## Your instructions
Using the records below, copy exactly the part that opens with the line holding "Variable Viewer is" and closes with the line holding "The back ground", minus the pictures.

## Provided records
######

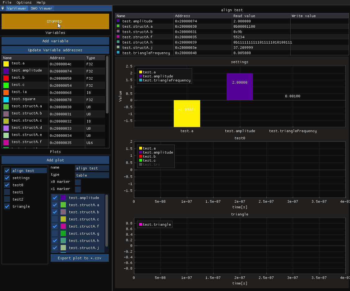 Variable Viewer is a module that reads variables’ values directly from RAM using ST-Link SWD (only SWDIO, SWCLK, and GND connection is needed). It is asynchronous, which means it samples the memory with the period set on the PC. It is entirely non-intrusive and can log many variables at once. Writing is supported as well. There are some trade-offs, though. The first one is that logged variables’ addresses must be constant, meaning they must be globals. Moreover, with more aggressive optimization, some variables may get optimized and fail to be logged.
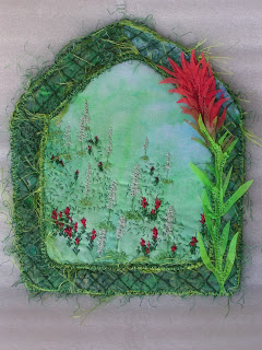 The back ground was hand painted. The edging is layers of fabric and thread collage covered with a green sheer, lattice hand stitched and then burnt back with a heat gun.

######

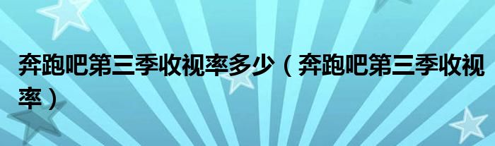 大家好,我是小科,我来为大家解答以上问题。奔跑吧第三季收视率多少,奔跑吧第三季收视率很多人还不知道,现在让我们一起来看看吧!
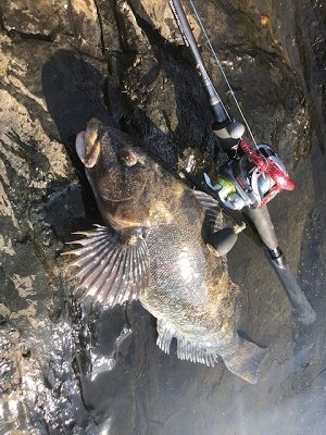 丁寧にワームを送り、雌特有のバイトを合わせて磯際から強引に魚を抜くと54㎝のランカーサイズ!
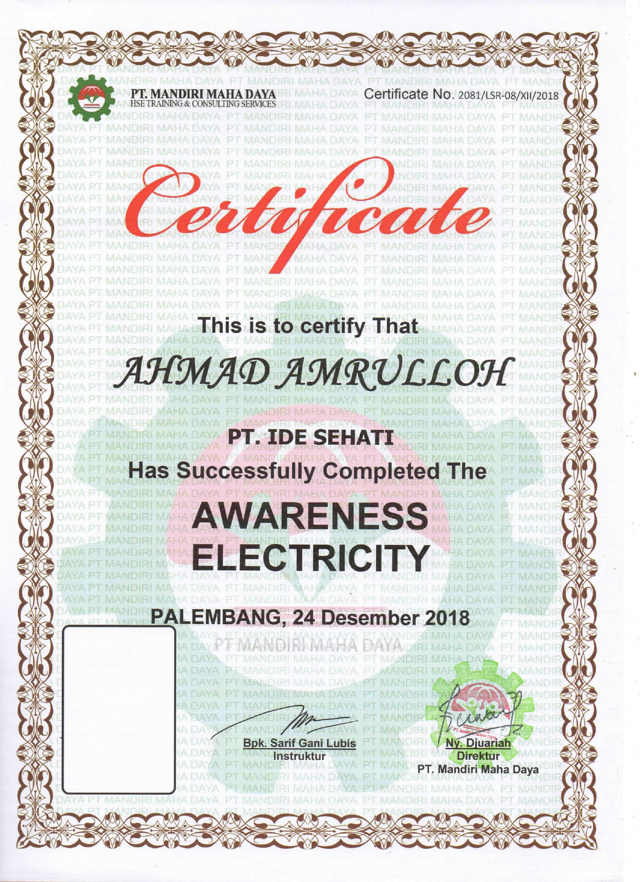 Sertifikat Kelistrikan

######

## Result
 Variable Viewer is a module that reads variables’ values directly from RAM using ST-Link SWD (only SWDIO, SWCLK, and GND connection is needed). It is asynchronous, which means it samples the memory with the period set on the PC. It is entirely non-intrusive and can log many variables at once. Writing is supported as well. There are some trade-offs, though. The first one is that logged variables’ addresses must be constant, meaning they must be globals. Moreover, with more aggressive optimization, some variables may get optimized and fail to be logged.
 The back ground was hand painted. The edging is layers of fabric and thread collage covered with a green sheer, lattice hand stitched and then burnt back with a heat gun.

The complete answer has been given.